Anyway, that’s when Miss Allen came speeding around the corner. 

The thing about the way they plow the streets here is that the snow doesn’t go off the road, it just makes walls on both sides of the street that make it so there’s only room for one car.  So, see, there was no where to go when we saw her, and no way to make her stop, and if Drew hadn’t been so smart that day, we definitely would’ve all died.

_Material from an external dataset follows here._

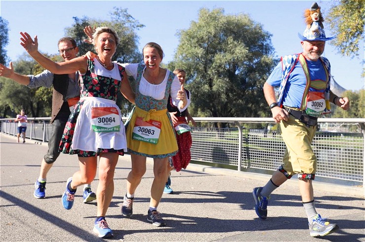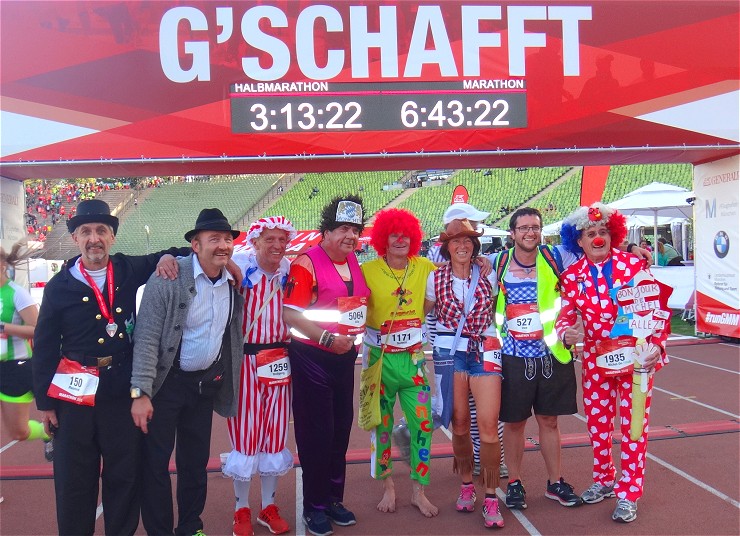 Das Wetter am Münchner Marathon-Wochenende war traumhaft! Und wir waren schon am Samstag mit 5 Aktiven und 2 Fans beim Trachtenlauf dabei. Am Sonntag war der STM dann mit einem aktiven Marathoni (Flori, 4:13) und 34 Helfern unterwegs. 2 der Helfer, nämlich Jakob und ich, wechselten dann auch noch in's Lager der Aktiven. Allerdings nur als Radler: Wir begleiteten das Spenden-Sammler-Team um "Pumuckl" auf der Marathonstrecke. Eine tolle Erfahrung!

“Flat against the snow, Idiots!”  Drew yelled, and we jumped against it like cicadas on a wall—our arms all stretched out above us, and our hands dug in, trying to hold ourselves skinny against the snow.  I sucked in my stomach when I heard Miss Allen’s horn, and felt this big wind go up our coats when she whizzed past.  She ran over the spoon I dropped, which was Mom’s, but Ellie and me got lucky—not like Drew, who had bruises for months from Miss Allen’s door handle slid across his butt.

You’d think she would’ve been glad she didn’t crush us, but she was totally upset, all red and screaming, “Where are your parents?”—like we would ever even tell her that after she practically tried to kill us.  But then Dad ran out into the yard and was calling for us, and it wasn’t like we could hide him from her.

We ducked down behind the Weeping Willow to watch them.  I couldn’t hear any of the actual words, only how Miss Allen was talking really quickly and angrily, with Dad all interrupting her to say short and serious things.    Then all of a sudden we could hear exactly what he was saying, which is never a good thing.

“Where are my children!”  Dad screamed.

Of course we thought we were in trouble, and so we ran to Dad to tell our side.  When I saw him, I kind of wished I’d gotten a little hurt or something, so that he couldn’t be mad at us.  He pushed Miss Allen out of the way and ran at us fast.  He looked crazy, but instead of hitting us or yelling he just grabbed each of our shoulders, like he was counting us, and whispered, “inside, my darlings.  Inside.”

Miss Allen kept talking, but was a little quieter about wanting Dad’s attention. She kept reaching out to touch him and then putting a piece of hair behind her ear instead.  “All I’m saying,” she said, all chasing after us, whining like a little kid.  “All I’m saying is they’re your kids, and”—she stopped talking when she saw that Dad was about to slam the door.

We followed him into the TV room, still thinking, I guess, that he might be angry.  He sat down on the couch in the TV room and rubbed his eyes underneath his glasses—these could be angry things or tired things, we didn’t know.  So we just sort of stood in front of him, all dripping on the carpet.